= EXERCISE DATA =

○ ○ ○ ○ ○ ○ ○

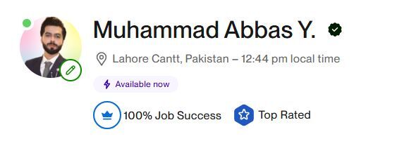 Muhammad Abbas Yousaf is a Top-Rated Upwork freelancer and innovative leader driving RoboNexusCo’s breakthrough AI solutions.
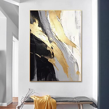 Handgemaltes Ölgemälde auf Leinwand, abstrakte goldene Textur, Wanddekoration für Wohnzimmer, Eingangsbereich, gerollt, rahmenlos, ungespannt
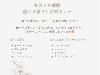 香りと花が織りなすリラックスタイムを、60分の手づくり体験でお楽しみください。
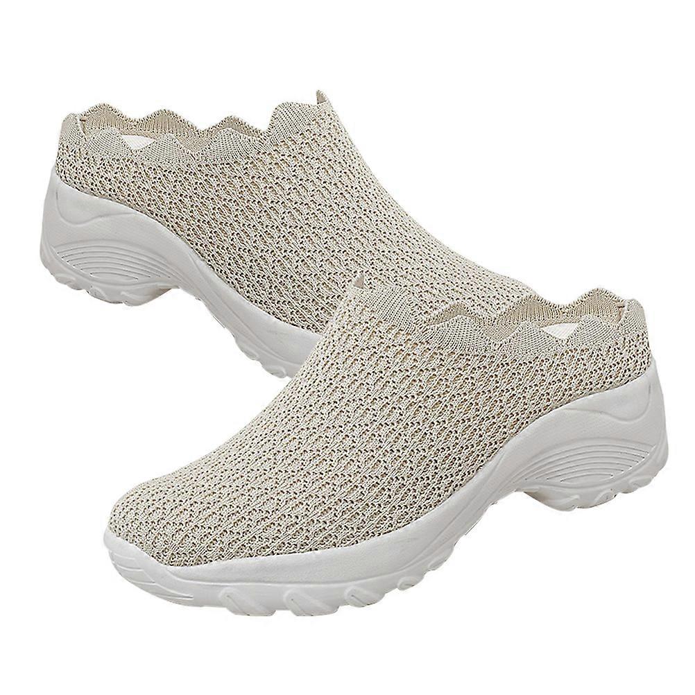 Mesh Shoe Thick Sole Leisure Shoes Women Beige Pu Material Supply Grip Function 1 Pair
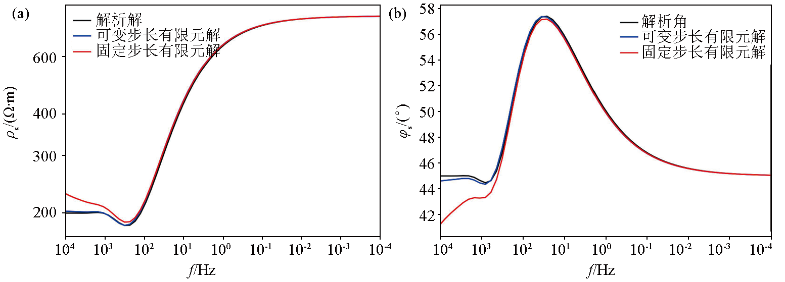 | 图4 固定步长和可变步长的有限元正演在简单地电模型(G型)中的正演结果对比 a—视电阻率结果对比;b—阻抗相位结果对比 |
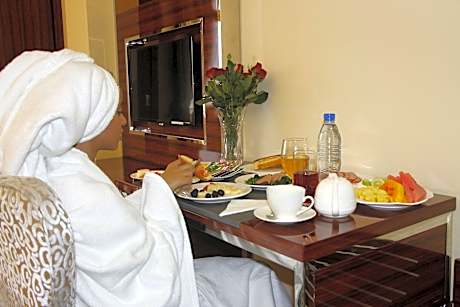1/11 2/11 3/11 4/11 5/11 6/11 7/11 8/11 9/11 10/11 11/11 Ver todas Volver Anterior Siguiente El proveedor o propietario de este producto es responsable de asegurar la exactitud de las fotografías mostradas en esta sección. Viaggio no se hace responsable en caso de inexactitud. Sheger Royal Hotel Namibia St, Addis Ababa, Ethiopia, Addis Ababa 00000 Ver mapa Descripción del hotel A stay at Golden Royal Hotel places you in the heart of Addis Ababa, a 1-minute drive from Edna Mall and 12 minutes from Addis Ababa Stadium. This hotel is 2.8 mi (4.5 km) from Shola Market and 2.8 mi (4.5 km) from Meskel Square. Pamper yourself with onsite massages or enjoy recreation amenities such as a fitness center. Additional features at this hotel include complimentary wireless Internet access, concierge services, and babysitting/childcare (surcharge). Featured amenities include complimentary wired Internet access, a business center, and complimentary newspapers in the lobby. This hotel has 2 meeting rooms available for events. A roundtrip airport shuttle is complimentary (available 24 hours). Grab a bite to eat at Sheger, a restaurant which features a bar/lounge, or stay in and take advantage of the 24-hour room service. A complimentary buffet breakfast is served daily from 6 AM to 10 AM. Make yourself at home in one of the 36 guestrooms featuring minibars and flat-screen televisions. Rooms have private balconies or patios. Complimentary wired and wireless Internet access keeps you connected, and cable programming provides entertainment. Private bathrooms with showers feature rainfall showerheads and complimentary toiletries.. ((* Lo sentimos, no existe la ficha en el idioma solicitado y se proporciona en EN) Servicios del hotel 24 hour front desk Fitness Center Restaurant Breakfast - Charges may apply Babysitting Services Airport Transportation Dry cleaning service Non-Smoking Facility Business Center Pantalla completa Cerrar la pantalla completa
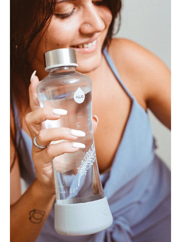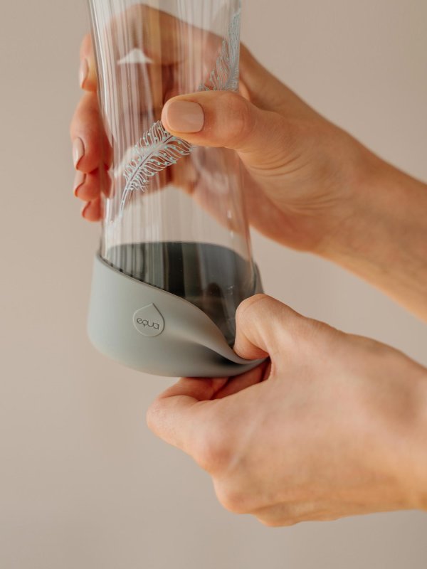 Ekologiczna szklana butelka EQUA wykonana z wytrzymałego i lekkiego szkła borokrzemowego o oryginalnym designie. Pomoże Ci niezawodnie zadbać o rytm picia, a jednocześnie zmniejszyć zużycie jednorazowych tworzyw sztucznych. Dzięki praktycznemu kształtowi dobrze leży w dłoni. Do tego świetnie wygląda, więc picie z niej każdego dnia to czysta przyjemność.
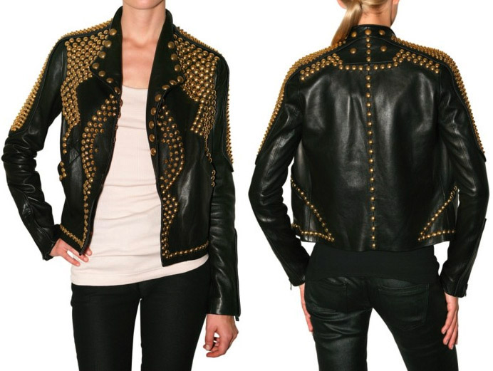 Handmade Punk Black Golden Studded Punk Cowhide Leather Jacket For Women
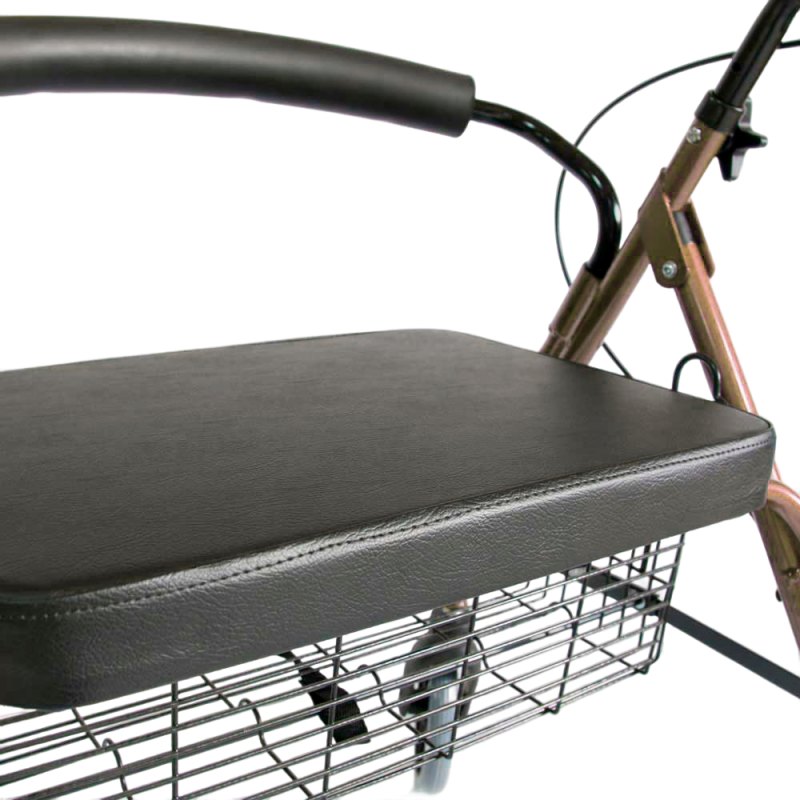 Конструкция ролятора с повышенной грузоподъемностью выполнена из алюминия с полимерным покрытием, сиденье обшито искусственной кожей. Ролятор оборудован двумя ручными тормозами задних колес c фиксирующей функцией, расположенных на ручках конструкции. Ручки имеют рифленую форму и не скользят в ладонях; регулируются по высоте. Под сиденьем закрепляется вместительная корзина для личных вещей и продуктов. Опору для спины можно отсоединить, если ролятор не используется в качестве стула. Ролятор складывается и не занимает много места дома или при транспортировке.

○ ○ ○ ○ ○ ○ ○

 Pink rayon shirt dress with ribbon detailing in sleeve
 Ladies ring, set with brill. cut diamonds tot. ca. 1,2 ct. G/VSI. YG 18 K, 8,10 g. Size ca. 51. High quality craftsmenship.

○ ○ ○ ○ ○ ○ ○

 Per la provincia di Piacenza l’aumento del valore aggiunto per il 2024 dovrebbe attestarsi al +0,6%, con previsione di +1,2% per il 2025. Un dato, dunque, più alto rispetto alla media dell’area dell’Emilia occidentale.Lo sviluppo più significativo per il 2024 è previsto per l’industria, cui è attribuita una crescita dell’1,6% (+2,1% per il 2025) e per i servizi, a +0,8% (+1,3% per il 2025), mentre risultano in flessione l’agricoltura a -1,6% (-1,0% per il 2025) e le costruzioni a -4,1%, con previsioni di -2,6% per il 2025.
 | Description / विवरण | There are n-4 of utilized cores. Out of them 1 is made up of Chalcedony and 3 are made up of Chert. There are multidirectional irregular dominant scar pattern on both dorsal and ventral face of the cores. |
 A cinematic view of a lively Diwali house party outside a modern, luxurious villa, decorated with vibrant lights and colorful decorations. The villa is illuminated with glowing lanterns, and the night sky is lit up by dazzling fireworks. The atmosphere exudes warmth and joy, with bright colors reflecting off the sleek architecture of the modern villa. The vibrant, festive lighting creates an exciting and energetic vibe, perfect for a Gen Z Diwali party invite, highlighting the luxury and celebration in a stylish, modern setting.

○ ○ ○ ○ ○ ○ ○

= WHAT IS NEEDED =
When you reach the line with "Muhammad Abbas Yousaf" in the records above, start writing out each line exactly, and stop after the line with "固定步长和可变步长的有限元正演在简单地电模型(G型)中的正演结果对比 a—视电阻率结果对比;b—阻抗相位结果对比 |". Pictures stay out.

= RESPONSE TO THE EXERCISE =
 Muhammad Abbas Yousaf is a Top-Rated Upwork freelancer and innovative leader driving RoboNexusCo’s breakthrough AI solutions.
 Handgemaltes Ölgemälde auf Leinwand, abstrakte goldene Textur, Wanddekoration für Wohnzimmer, Eingangsbereich, gerollt, rahmenlos, ungespannt
 香りと花が織りなすリラックスタイムを、60分の手づくり体験でお楽しみください。
 Mesh Shoe Thick Sole Leisure Shoes Women Beige Pu Material Supply Grip Function 1 Pair
 | 图4 固定步长和可变步长的有限元正演在简单地电模型(G型)中的正演结果对比 a—视电阻率结果对比;b—阻抗相位结果对比 |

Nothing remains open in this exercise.